Sławku, wszystkiego najlepszego z okazji urodzin, zdrowia i radości na co dzień.
(Późnawe) Śniadanie ze sztuką! —
— Hiroshige, rozpogodzenie po śnieżycy w Kameyama… 😉
*** * ***
Ewo 🙂 Krystyno 🙂 Inni oglądający 🙂 – Kraków dziękuje za uwagę, przeprasza za … … … czuje się tak winny, że chętnie by sobie włożył ten czy ów schładzacz wina na głowę (z Kunsthistorisches, wyłącznie z kunst… i z zawartością godną-łagodną… bo łagodność będzie w cenie w tych czasach rozemocjonalizowanych eskalacyj… i przerzucanie mostów nad potokami win… wiadomo czyich… i oby tylko win…
Brrrrr!
Apage mary i poczwary!
*** * ***
(W stanie wojennym, dziecięciem będąc, słuchałam po wielekroć na charczącym magnetofonie skeczy pana, który teraz stoi tam, gdzie… I pamiętam wszystko, a zwłaszcza jedno sarkastyczne wykrzykiwanie : bo historia uczy wyłącznie tego, że jeszcze nigdy nikogo i niczego nie nauczyła!.)
*** * ***
Rano przyniosłam sobie Barbara Zweige. Z tygodniowym opóźnieniem, ale jako, że koniec jesieni niemroźny – forsycje (sięgające sufitu) powinny się zazłocić jeśli nie w Wigilię, to w Sylwestra. I będą mi złotodeszczyć nad głową z błękitnie-kobaltowego wazonu w złoto-ciemnoniebieskiej sypialni już do wiosny (kilka odchowów 🙂 ) — normalnie, jak co roku od piętnastu lat, ale i jakby bardziej 🙂 🙂 🙂
*** * ***
Sławkowi najlepszego! 🙂
Słyszę, że Słodka i Heksagonalna znowu dała odpór. Kolejny raz, boć pamiętam (jak dziś!) poruszenie i mobilizację koleżanek Francuzek z londyńskiego SKen – bodaj w maju 2002 to było. Ot dojrzalsza demokracja; it won’t happen overnight here, tym spokojniej musimy siać, choć grunta nasze marne 😉 …oni na niektórych marnych pozakładali winniczki a klimat się ociepla pono 🙄 …więc jeszcze tylko pięć, dziesięć śnieżyc, przeczekamy pracując, odśnieżając międzysąsiedzkie tuneliki!

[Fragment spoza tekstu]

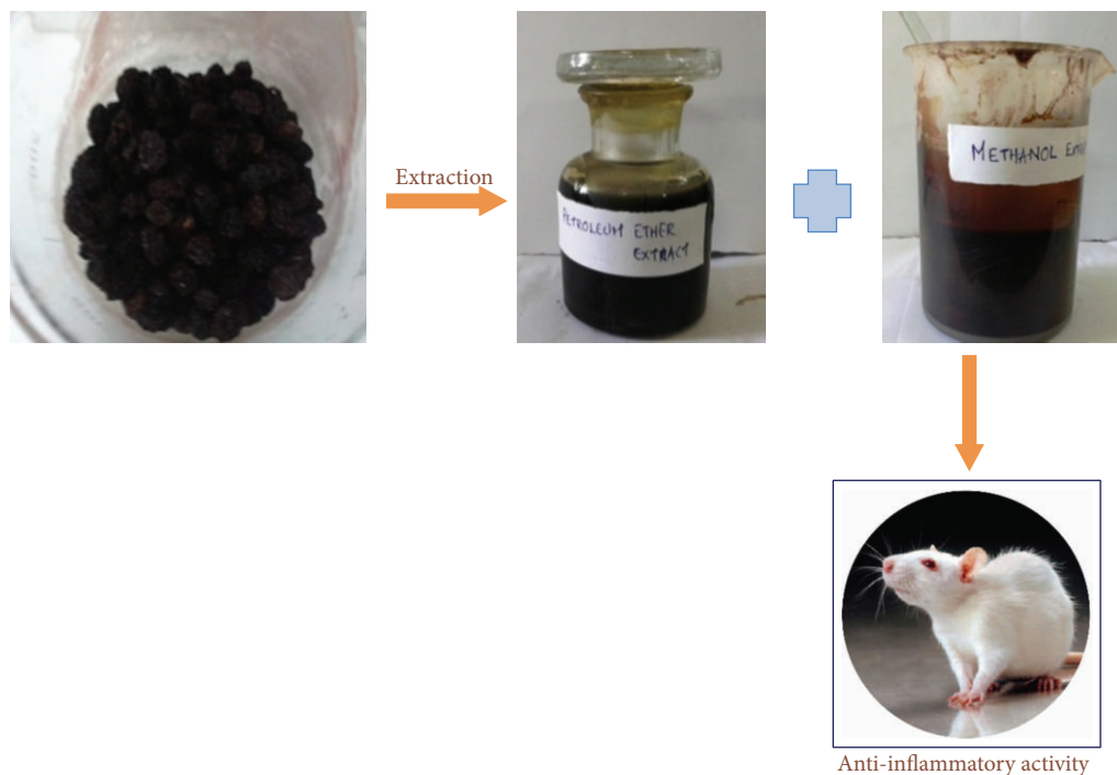
FIGURE 1: Schematic diagram of extraction and biological activity of the extract.

tissue. Experimental model of carrageenan-induced acute inflammation produces a range of inflammatory responses, due to the increase in the response to chemoattractants increasing PMN migration to the sites of inflammation [3].

(PS, dla ŚląskoLubów 🙂 – troszkę przedświątecznych nokturnów chorzowsko-katowickich – od nowozadaszonego (!) Stadionu Śląskiego i Tauzena (wszyscy już doczytali „Dracha” do końca? 🙂 ) poprzez Strefę Kultury z NOSPRem…

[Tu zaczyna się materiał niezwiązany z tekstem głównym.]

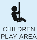
CHILDREN PLAY AREA
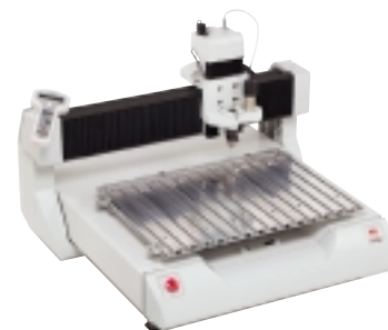
IS6000 version : 610 x 410 mm
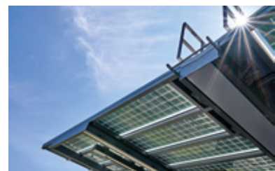
Glass-glass PV modules

Dzisiejsze Gliwice nocne też do znalezienia w już tu linkowanym albumie w/w zbioru.)
Obawiam się że Pierwszy Sekretarz na razie nie ma wewnętrznej konkurencji. Póki w KC nie dojdzie do rewolty i odsunięcia go od władzy będziemy przyglądać się takim wystąpieniom jak wczoraj jeszcze bardzo długo.
Mój wczorajszy wpis u Bobika:
Dawno temu stałem się posiadaczem sporej biblioteki po jakimś komuniście. Książki i powojenne wydawnictwa miały trafić na makulaturę, ale kuzyn mojej mamy który z nami mieszkał stwierdził, ze świetnie będą nadawały się na rozpałkę do pieca. Czego tam nie było! Wszystkie wydania Nowych Dróg, biografie Stalina , Bieruta i innych działaczy komunistycznych, przepastne tomy histori marksizmu- leninizmu. dzieła Lenina… Wszystko powoli znikało w kaflowych piecach. Sporo z tego przeczytałem i na zawsze uodporniło mnie na totalitaryzm i chęć wstąpienia do jakiejkolwiek partii.
Do dziś sądziłem, że w wolnej niepodległej Polsce nie usłyszę bolszewickiej komunistycznej propagandy z lat czterdziestych pełnej pogardy i dzielącej Polaków na lepszych i gorszych , na wrogów i zdrajców. Niestety w niedzielne deszczowe popołudnie okazało się że Kaczyński potrafi zrobić to jak nikt inny. Ten sam styl, ten sam język, taka sama pogarda dla innych.
…
Oglądam film „Inwazja” z Nicole Kidman w TVN7 .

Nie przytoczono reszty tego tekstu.